The Supreme Court issued a number of opinions as it ended the term:

 

The justices invalidated President Joe Biden’s student-loan forgiveness program.

 

  • In a pair of cases, Biden v. Nebraska and Department of Education v. Brown, the justices were asked to determine whether the Biden administration had the authority to cancel up to $10,000 in federal student loans for many borrowers and cancel up to $20,000 in federal loans for recipients of Pell Grants (loans that are available for students from low-income families). Lawsuits challenging the loan forgiveness program were filed by six states with Republican attorneys general and two individuals who were unable to collect the full benefits of the program.
  • In Brown, a unanimous Court dismissed the claim brought by the two individuals because they lacked standing to sue in the first place.

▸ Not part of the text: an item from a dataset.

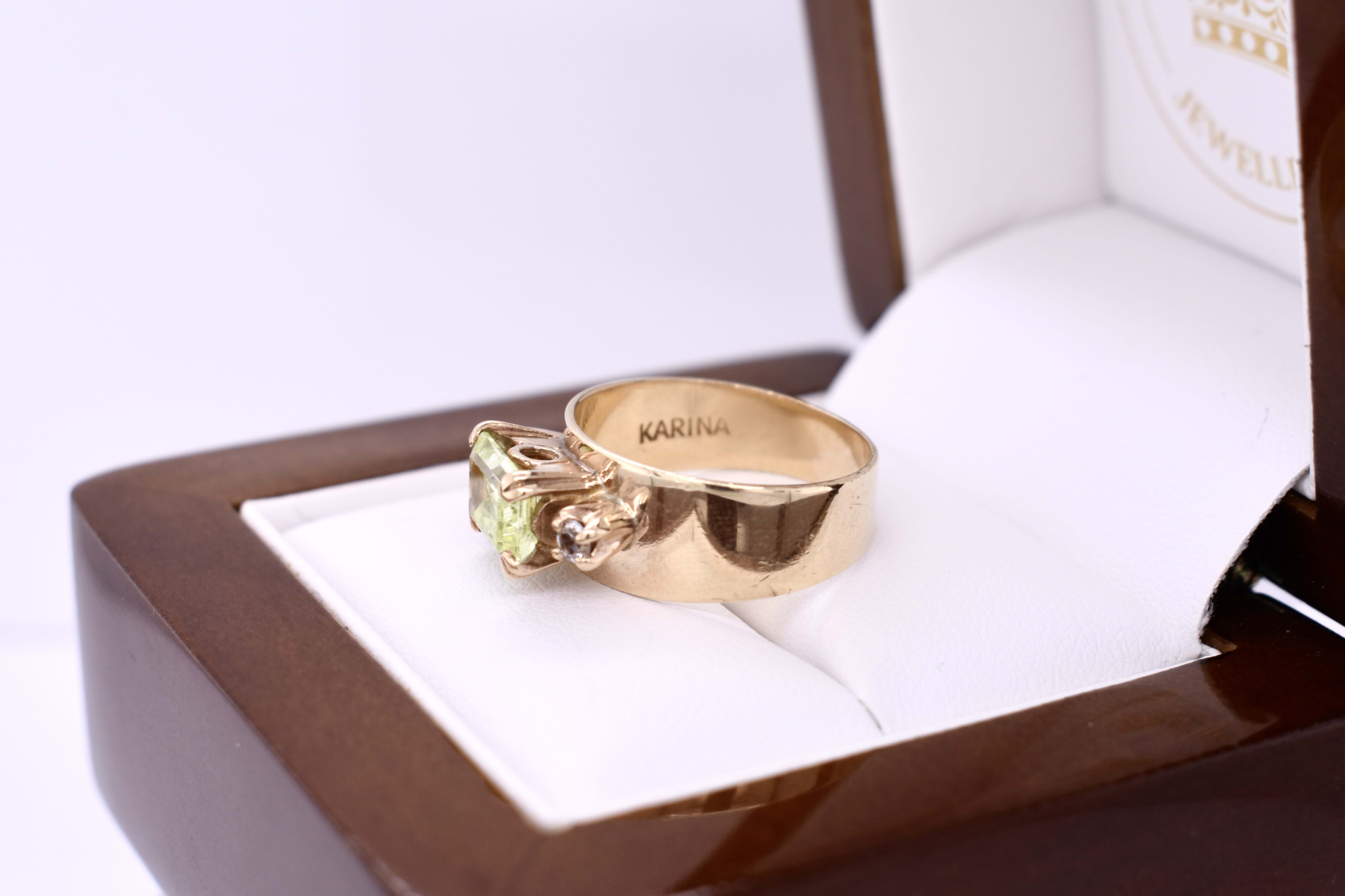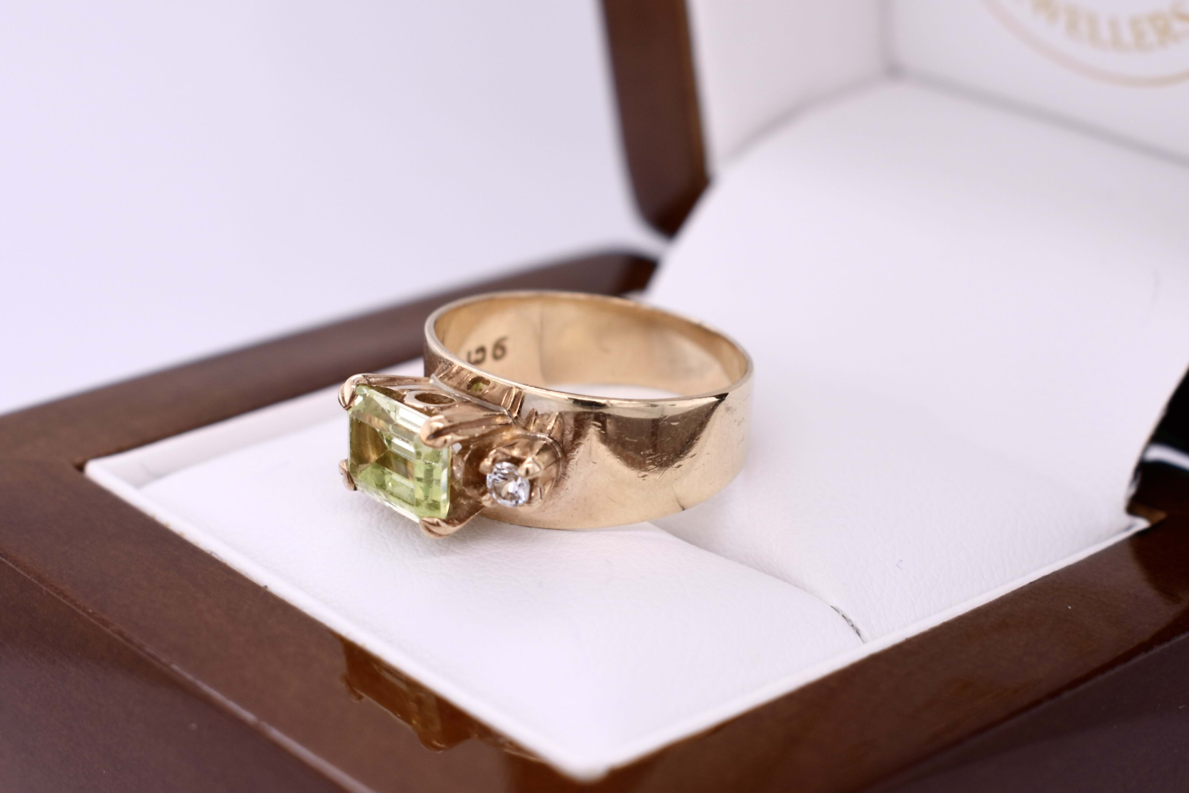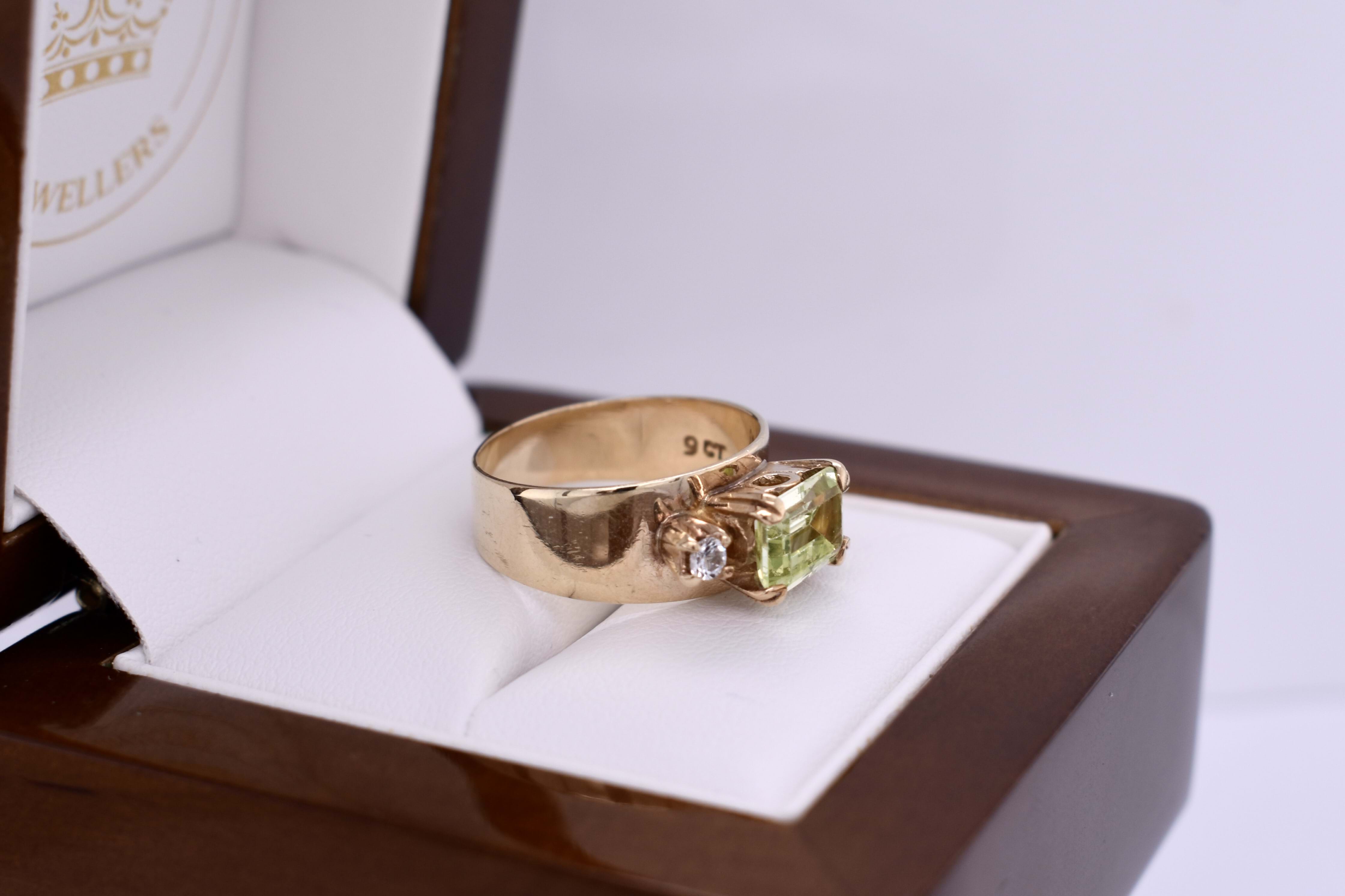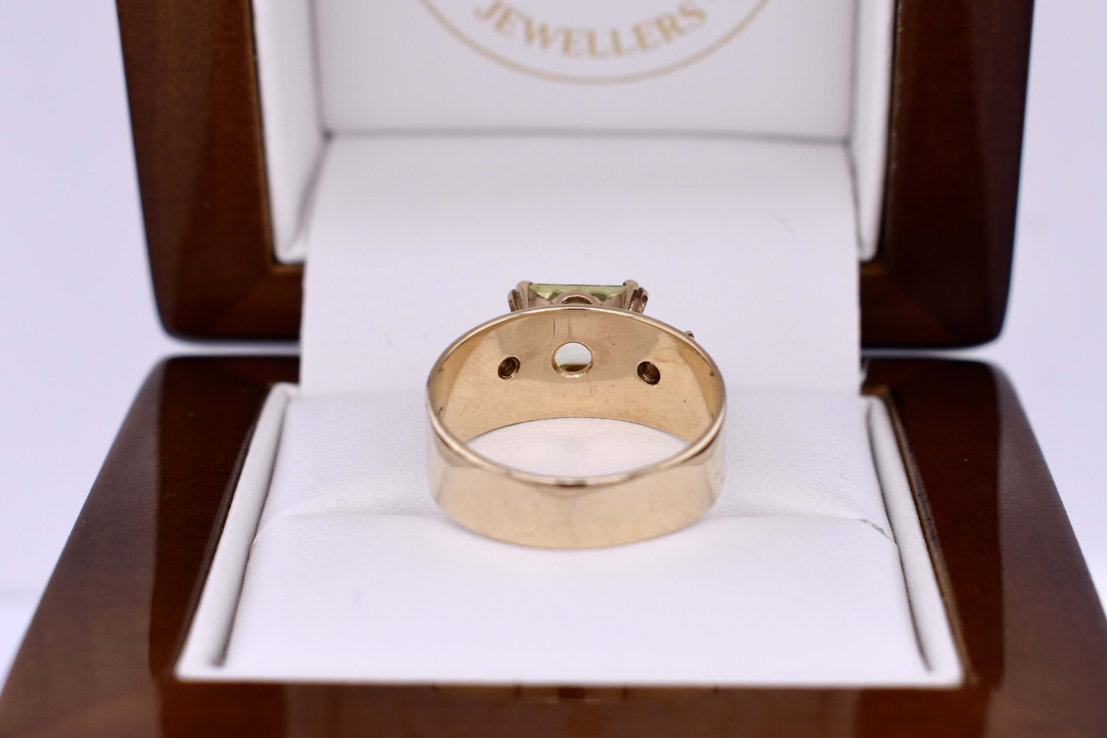 This ring is crafted in 9ct yellow gold and has a 5-7.8mm wide, flat band. It features a vintage synthetic mint green spinel, measuring 8x6mm, four claw set in an east west setting. The main stone is complimented by two round, clear synthetic spinels, four claw set either side. Finger size M. Total ring weight 3.58 grams.

Justice Samuel Alito wrote that “Brown and Taylor fail to establish that any injury they suffer from not having their loans forgiven is fairly traceable to the Plan.”
  • In Nebraska, however, the Court’s conservative bloc ruled that federal law did not grant the administration the power to cancel student debt. Chief Justice John Roberts wrote that the initiative “created a novel and fundamentally different loan forgiveness program…The question here is not whether something should be done; it is who has the authority to do it.”
  • The Court’s three liberal justices dissented. Justice Elena Kagan wrote that the case should have been dismissed because, in her view, the states lacked standing to bring the lawsuit. Regardless, she wrote, federal law “provides the Secretary with broad authority to give emergency relief to student-loan borrowers, including by altering usual discharge rules,” such as canceling student debt.
  • Biden called the Court’s decision “wrong,” and vowed to explore new avenues to bring student debt relief to many borrowers, including invoking the powers of other laws such as the Higher Education Act.

 

The Court ruled that a Colorado website designer may refuse her services to LGBTQ+ customers.

 

  • In 303 Creative v. Elenis, website designer Lorie Smith challenged a Colorado law that prohibits businesses from discriminating against LGBTQ+ people. Smith says that she objects to same-sex marriages due to her Christian religious beliefs.
  • Justice Neil Gorsuch wrote on behalf of the six-justice majority, which included all conservative members of the Court. The majority ruled that the First Amendment’s free speech guarantee prohibits a state from “forc[ing] an individual to speak in ways that align with its views but defy her conscience about a matter of major significance.” 
  • Once again, the Court’s three liberal justices dissented. They argued that the Constitution “contains no right to refuse service to a disfavored group.” Justice Sonia Sotomayor wrote that the Court’s ruling “declares that a particular kind of business, though open to the public, has a constitutional right to refuse to serve members of a protected class…By issuing this new license to discriminate in a case brought by a company that seeks to deny same-sex couples the full and equal enjoyment of its services, the immediate, symbolic effect of the decision is to mark gays and lesbians for second-class status.”

 

The Court’s October 2022 term has come to an end, but the justices have a number of high-profile cases on their docket for next term.

 

  • The justices just added to their docket a major gun case. In United States v. Rahimi, the Court is tasked with deciding whether a federal law that prohibits individuals subject to a domestic-violence restraining order from possessing firearms violates the Second Amendment.
  • The Court also previously agreed to hear a case that could greatly scale back the power of administrative agencies. At issue in Loper Bright Enterprises v. Raimondo is whether the justices should overturn a 1984 decision that granted deference to agency decision-making. That case stood for the proposition that courts should defer to the agency’s expertise when Congress has not spoken directly to the issue at question.